Gabriel se précipita vers la console centrale. L’écran était saturé d’alertes rouges. Autour de lui, les techniciens paniqués tentaient de mobiliser toutes les ressources possibles, tandis que les images des drones semant le chaos défilaient sur les moniteurs. Les renforts gouvernementaux, incapables de distinguer alliés et ennemis, paralysaient davantage la situation. Après une profonde inspiration, Gabriel saisit une clé de sécurité avant de courir vers la salle technique. Il en ressortit avec un équipement massif – l’ordinateur quantique 330C, l’intelligence artificielle la plus puissante jamais créée, capable d’autodétermination et d’actions autonomes. Il le connecta immédiatement au système principal, et un déluge de codes défila sur l’écran.  

Une minute plus tard, les drones cessèrent leurs attaques. Le contrôle fut repris, mais la construction des moteurs planétaires accusait déjà un retard critique. Le temps de l’humanité s’amenuisait.

Gabriel, oppressé par l’atmosphère suffocante du complexe, sortit prendre l’air. L’air glacial lui fouetta le visage, révélant un monde sombrant dans le chaos : des villes paralysées par la panique, des immeubles éventrés entrecroisés avec des aéronefs militaires patrouillant dans le ciel. Dans l’obscurité du ciel, l’ascenseur spatial continuait de cracher d’épaisses volutes de fumée.

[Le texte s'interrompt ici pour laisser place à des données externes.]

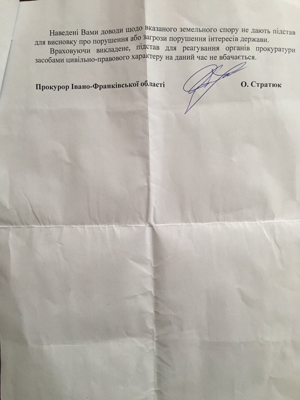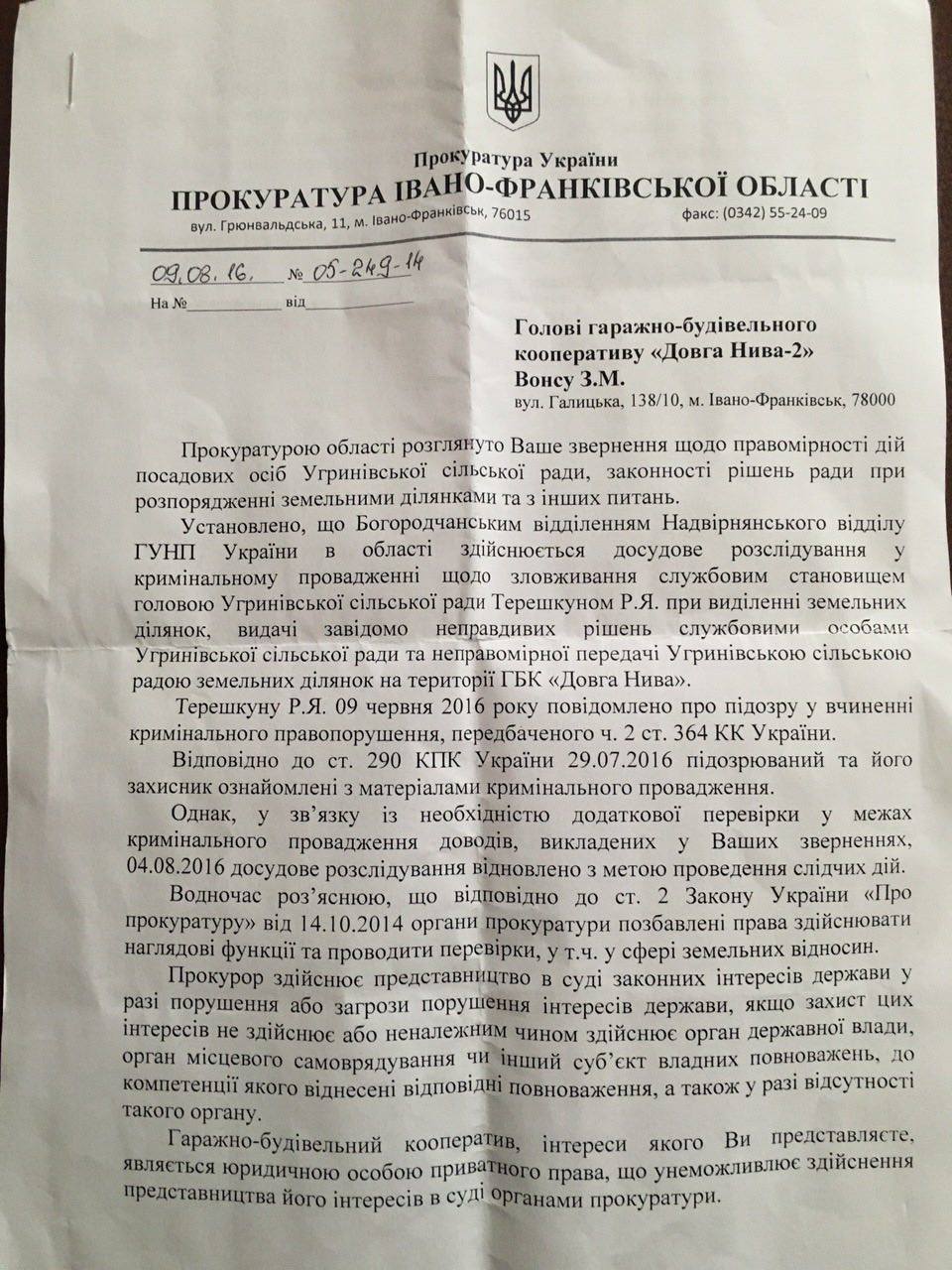 «Установлено, що Богородчанським відділенням Надвірнянського відділу ГУНП України в області здійснюється досудове розслідування у кримінальному провадження щодо зловживання службовим становищем головою Угринівської сільської ради Терешкуном Р.Я. при виділенні земельних ділянок, видачі завідомо неправдивих рішень службовими особами Угринівської сільської ради та неправомірної передачі Угринівською сільською радою земельних ділянок на території ГБК «Довга Нива». Терешкуну Р.Я. 09 червня 2016 року повідомлено про підозру у вчиненні кримінального правопорушення, передбаченого ч.2 ст. 364 КК України… відповідно до ст.2 ЗУ «Про прокуратуру» від 14.10.2014 органи прокуратури позбавлені права здійснювати наглядові функції та проводити перевірки, у т.ч. у сфері земельних відносин…», – йдеться у документі.

L’ascenseur spatial était le passage reliant la Terre à la station spatiale internationale. Les astronautes pouvaient l’emprunter pour voyager entre ces deux lieux.

Gabriel baissa les yeux vers son téléphone. La chaîne d’information diffusait les dernières données sur les victimes. Soudain, il réalisa quelque chose et retourna précipitamment au 57ᵉ étage, à son laboratoire. Fouillant frénétiquement un casier métallique rempli d’équipements, il en sortit une boîte argentée. Les mains tremblantes, il retira la clé USB qu’il portait autour du cou et l’inséra dans l’appareil. L’écran s’illumina, révélant progressivement la silhouette d’une fillette.

« Papa... » La voix enfantine le transperça. Gabriel ferma les yeux, sa poitrine se soulevant violemment.

C'était la 972ᵉ fois qu'il utilisait l'ordinateur quantique 330A pour entraîner la conscience de sa fille depuis qu'il avait quitté l'Institut de Recherche en Vie Numérique de New York. Elle était morte dans un accident de voiture. Il avait tout tenté pour la "ramener" en utilisant une sauvegarde numérique de sa conscience. Cependant, en raison des limites de la puissance de calcul, chaque interaction ne pouvait durer que deux minutes. Ce qui était encore plus cruel, c'était que la recherche sur la vie numérique, jugée instable et incontrôlable, soulevant surtout des questions éthiques, avait été officiellement interdite par la loi il y a cinq ans.